# EXERCISE DESCRIPTION:
In your copy, drop the images and return each record exactly as it stands.

#### GIVEN DATA ####

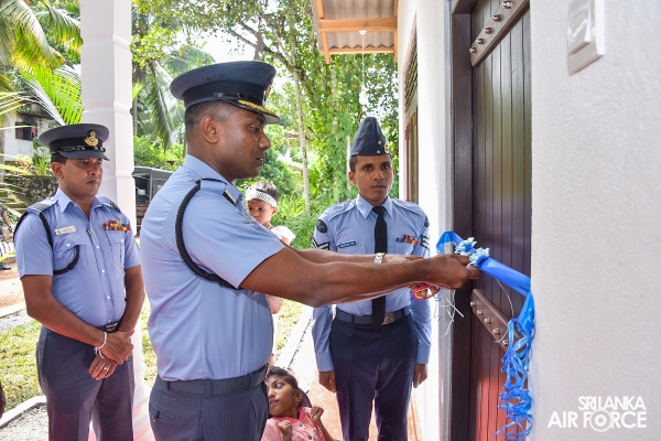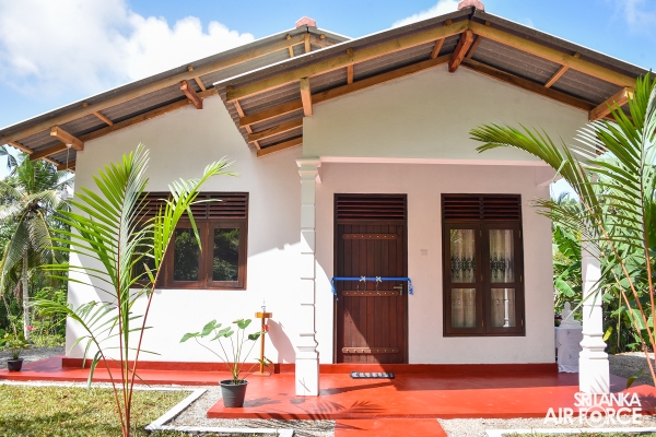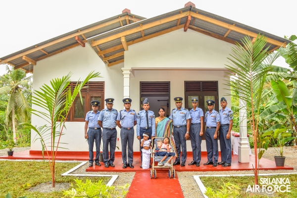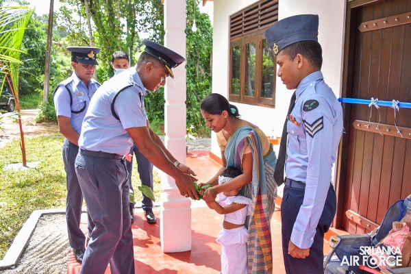 A house constructed under the guidance of the Chairperson SLAF Seva Vanitha Unit, Mrs. Charmini Pathirana was handed over to the family of Corporal Somarathne WGR yesterday (18 May 2022) by the Commanding Officer of SLAF Station Koggala, Group Captain Thilina Rajapaksha.
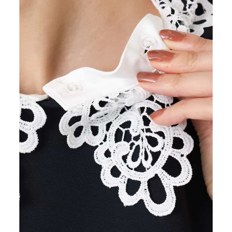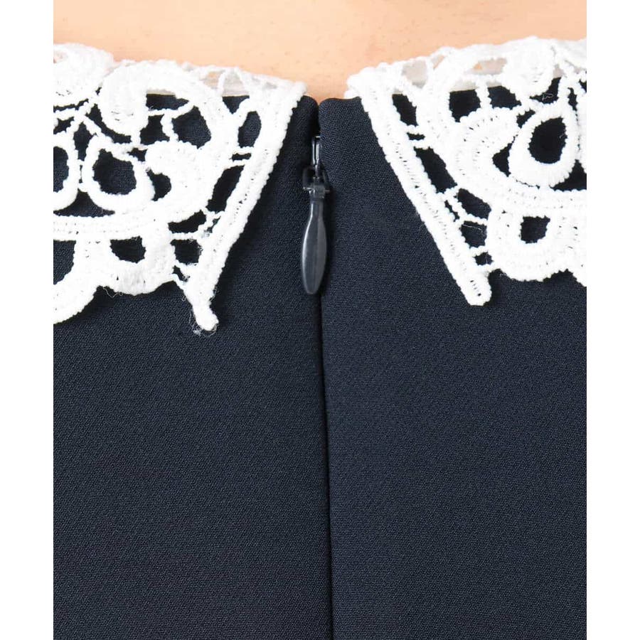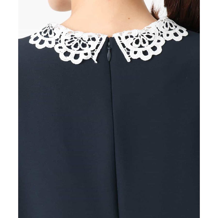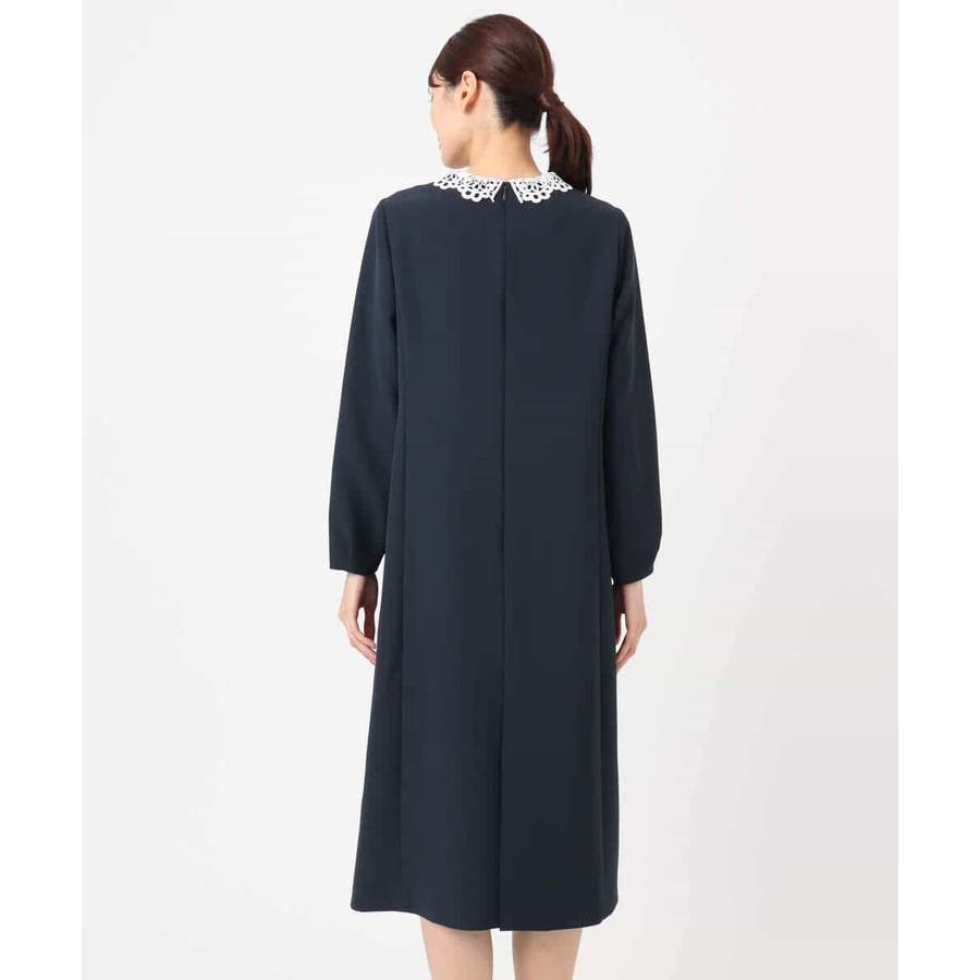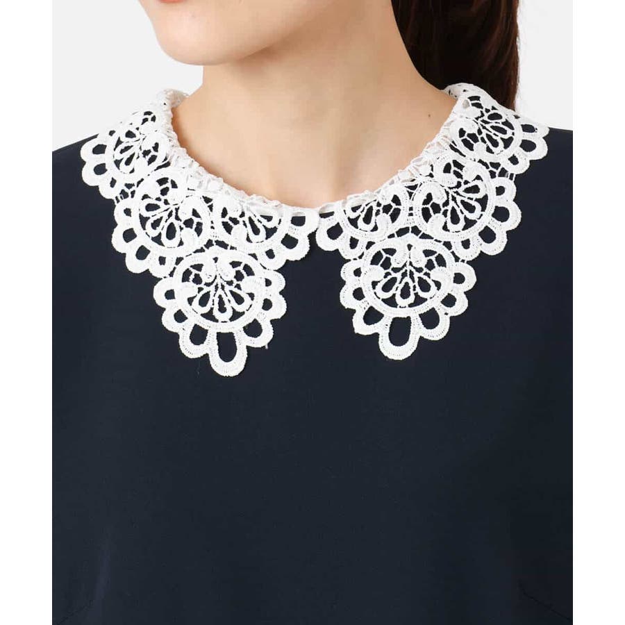 ホワイトのレース衿がアクセントのワンピース。レースは取り外し可能なデザインで、衿を外すとシンプルなサックワンピースとして着用できます。シルエットは程よくゆとりがあり、体のラインを拾いにくいサイズ感に仕上げています。
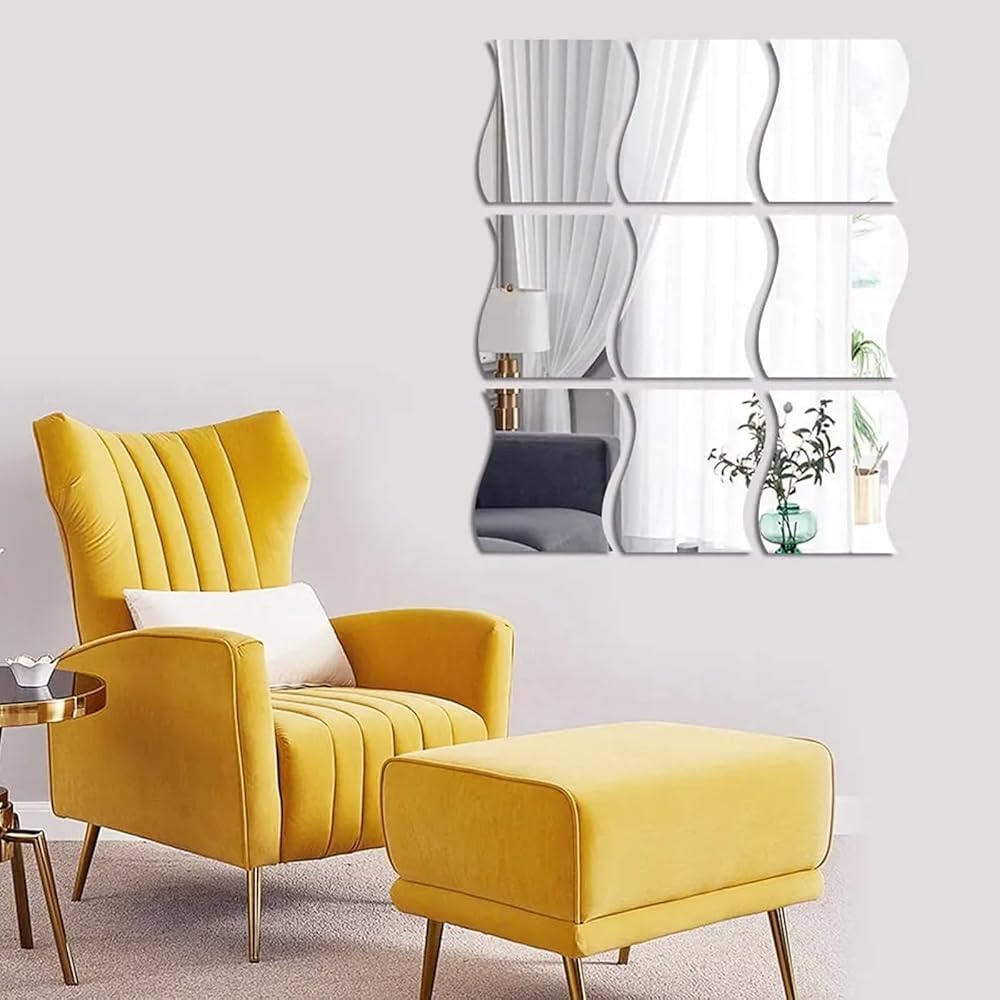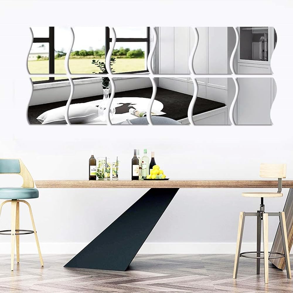 Mirror Stickers Wall Decor: This acrylic wall decor is as clear and reflective as class mirror, but not sharp and fragile without any damaging. You can use this wave mirror wall stickers as bathroom mirror, wall mirror to makeup, overall mix, mirror effect design makes your home looks different, more attractive!
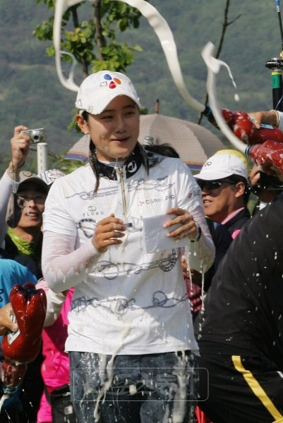 15일 경북 경주 블루원 보문 컨트리클럽에서 열린 한국여자오픈 골프선수권대회에서 생애 첫 우승을 차지한 루키 정연주가 동료들로부터 맥주 축하 세례를 받고 있다.
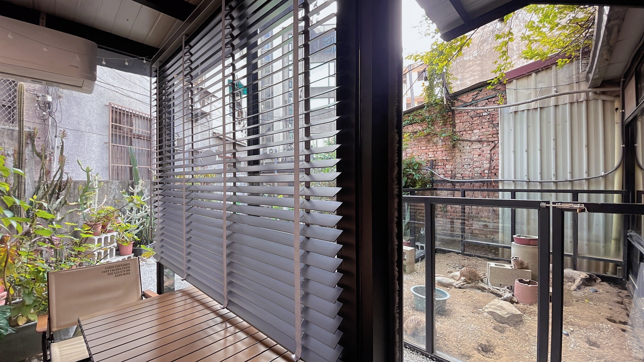 玻璃屋的窗飾選用純色原木百葉簾,展現簡約而自然的質感。木質葉片能依角度調整光線強弱,白天時柔和過濾陽光,夜晚則能維持私密性。純色設計讓空間更顯清爽俐落,與戶外的綠植與紅磚牆形成對比,帶出溫暖又具現代感的氛圍。百葉簾的線條感也呼應玻璃屋結構,營造出輕盈且富有層次的視覺效果,非常適合休憩或小聚的場域。
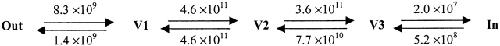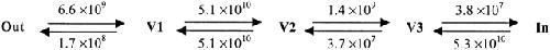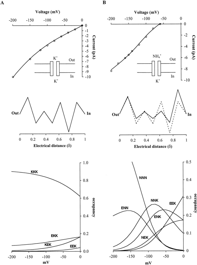 Figure 9. Three-site four-barrier kinetic model. (A, top) Single channel I-V plots for K+ current through ROMK2 channel (110 mM KCl in the pipette in the cell-attached mode). The line is the best-fit to the data using the three-site four-barrier kinetic model, which gives rise to the following rate constants (s−1) (Scheme I). V1, V2, and V3 represent the first, second, and third energy wells from the outside.SCHEME I (Middle) The energy profile for K+ ion along the pore of ROMK2 at 0 mV. The shape of the energy profiles was constructed from the kinetic model. (Bottom) Occupancy plot of each state as a function of voltage for the K+ ion in the pore of ROMK2. The symbol KKK indicates the state that all three energy wells are occupied by K+, and the symbol EKK indicates the state that the second and the third energy wells from outside are occupied by K+. The pore is occupied by at least two K+ ions most of the time. The occupancies of the two states, KKE and EEE, are very small and not shown. (B, top) Single channel I-V plots of ROMK2 with NH4+ (110 mM) outside and K+ (110 mM) inside the cell. The line is the best-fit to the data using the three-site four-barrier kinetic model with the same rate constants as in A for K+. The fitting procedure produced the following kinetic rates for NH4+ (Scheme II).SCHEME II (Middle) The ion energy profile (solid) for NH4+ ion along the pore of ROMK2 at 0 mV, obtained from the kinetic model for NH4+. The dotted energy profile is for K+ in A for comparison. The energy wells for NH4+ are shallower than those for K+, suggesting weaker affinity for NH4+. (Bottom) Occupancy plot of each state as a function of voltage in the pore of ROMK2 with NH4+ outside and K+ inside. The symbol NNN means that all three sites are occupied by NH4+, and the symbol NEK means that the outer and inner wells are occupied by NH4+ and K+, respectively. States with small occupancies are not shown for clarity. |
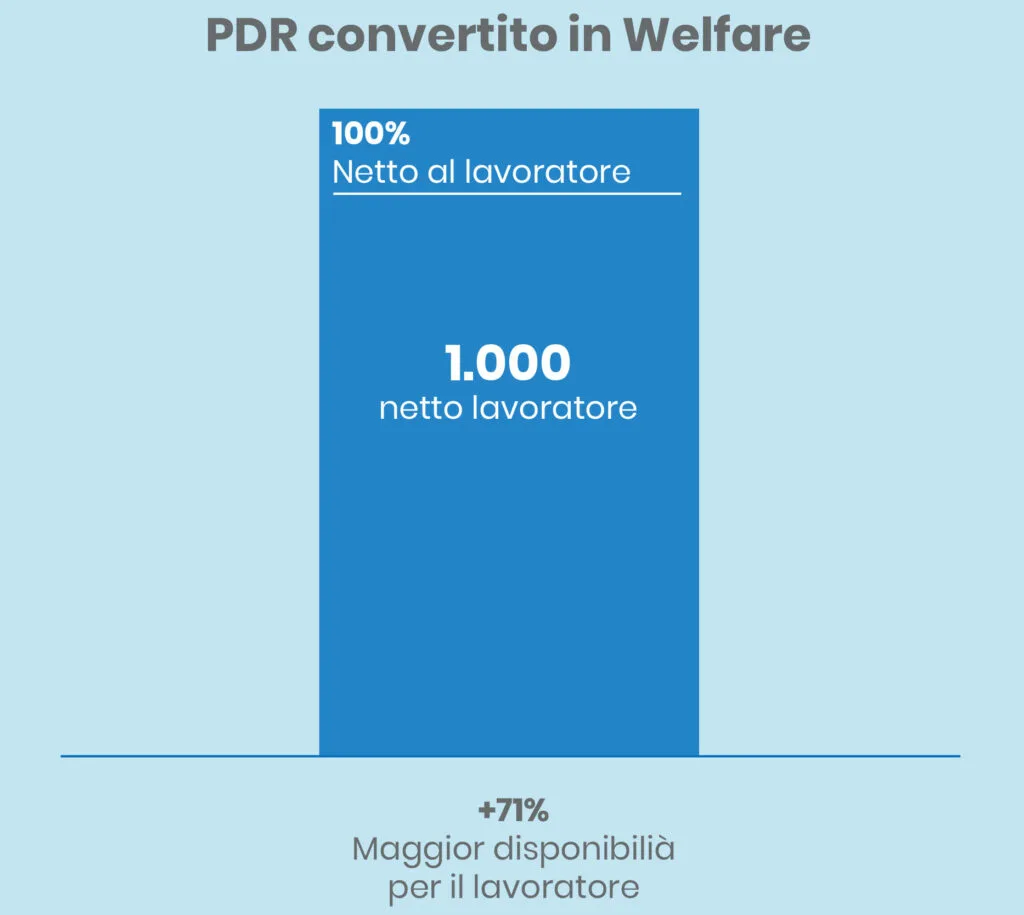 - convertendolo in welfare, l’importo che effettivamente incasserebbe il dipendente è pari a €1.000,00 ovvero pari all’importo effettivamente erogato dall’azienda. La scelta di convertire il PDR in welfare aumenterebbe la disponibilità di spesa del lavoratore dipendente di un +71%.
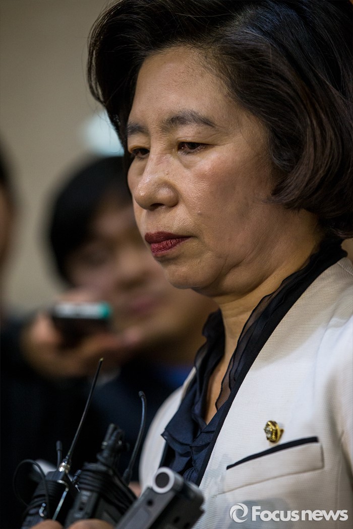 (서울=포커스뉴스) 더불어민주당의 '현역의원 평가 하위 20%'에 걸려 컷오프(공천배제)된 전정희 의원이 29일 오전 서울 여의도 국회에서 탈당 기자회견을 마친 뒤 취재진에게 질문을 받고 있다.
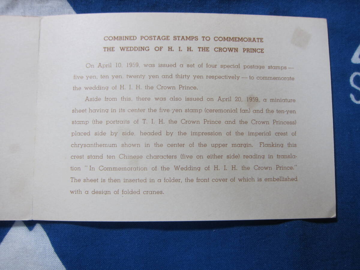 記念切手 皇太子殿下 御成婚記念 昭和34年 小型シート 未使用品 同封可

####

# RESULT OF THIS TASK:
 A house constructed under the guidance of the Chairperson SLAF Seva Vanitha Unit, Mrs. Charmini Pathirana was handed over to the family of Corporal Somarathne WGR yesterday (18 May 2022) by the Commanding Officer of SLAF Station Koggala, Group Captain Thilina Rajapaksha.
 ホワイトのレース衿がアクセントのワンピース。レースは取り外し可能なデザインで、衿を外すとシンプルなサックワンピースとして着用できます。シルエットは程よくゆとりがあり、体のラインを拾いにくいサイズ感に仕上げています。
 Mirror Stickers Wall Decor: This acrylic wall decor is as clear and reflective as class mirror, but not sharp and fragile without any damaging. You can use this wave mirror wall stickers as bathroom mirror, wall mirror to makeup, overall mix, mirror effect design makes your home looks different, more attractive!
 15일 경북 경주 블루원 보문 컨트리클럽에서 열린 한국여자오픈 골프선수권대회에서 생애 첫 우승을 차지한 루키 정연주가 동료들로부터 맥주 축하 세례를 받고 있다.
 玻璃屋的窗飾選用純色原木百葉簾,展現簡約而自然的質感。木質葉片能依角度調整光線強弱,白天時柔和過濾陽光,夜晚則能維持私密性。純色設計讓空間更顯清爽俐落,與戶外的綠植與紅磚牆形成對比,帶出溫暖又具現代感的氛圍。百葉簾的線條感也呼應玻璃屋結構,營造出輕盈且富有層次的視覺效果,非常適合休憩或小聚的場域。
 Figure 9. Three-site four-barrier kinetic model. (A, top) Single channel I-V plots for K+ current through ROMK2 channel (110 mM KCl in the pipette in the cell-attached mode). The line is the best-fit to the data using the three-site four-barrier kinetic model, which gives rise to the following rate constants (s−1) (Scheme I). V1, V2, and V3 represent the first, second, and third energy wells from the outside.SCHEME I (Middle) The energy profile for K+ ion along the pore of ROMK2 at 0 mV. The shape of the energy profiles was constructed from the kinetic model. (Bottom) Occupancy plot of each state as a function of voltage for the K+ ion in the pore of ROMK2. The symbol KKK indicates the state that all three energy wells are occupied by K+, and the symbol EKK indicates the state that the second and the third energy wells from outside are occupied by K+. The pore is occupied by at least two K+ ions most of the time. The occupancies of the two states, KKE and EEE, are very small and not shown. (B, top) Single channel I-V plots of ROMK2 with NH4+ (110 mM) outside and K+ (110 mM) inside the cell. The line is the best-fit to the data using the three-site four-barrier kinetic model with the same rate constants as in A for K+. The fitting procedure produced the following kinetic rates for NH4+ (Scheme II).SCHEME II (Middle) The ion energy profile (solid) for NH4+ ion along the pore of ROMK2 at 0 mV, obtained from the kinetic model for NH4+. The dotted energy profile is for K+ in A for comparison. The energy wells for NH4+ are shallower than those for K+, suggesting weaker affinity for NH4+. (Bottom) Occupancy plot of each state as a function of voltage in the pore of ROMK2 with NH4+ outside and K+ inside. The symbol NNN means that all three sites are occupied by NH4+, and the symbol NEK means that the outer and inner wells are occupied by NH4+ and K+, respectively. States with small occupancies are not shown for clarity. |
 - convertendolo in welfare, l’importo che effettivamente incasserebbe il dipendente è pari a €1.000,00 ovvero pari all’importo effettivamente erogato dall’azienda. La scelta di convertire il PDR in welfare aumenterebbe la disponibilità di spesa del lavoratore dipendente di un +71%.
 (서울=포커스뉴스) 더불어민주당의 '현역의원 평가 하위 20%'에 걸려 컷오프(공천배제)된 전정희 의원이 29일 오전 서울 여의도 국회에서 탈당 기자회견을 마친 뒤 취재진에게 질문을 받고 있다.
 記念切手 皇太子殿下 御成婚記念 昭和34年 小型シート 未使用品 同封可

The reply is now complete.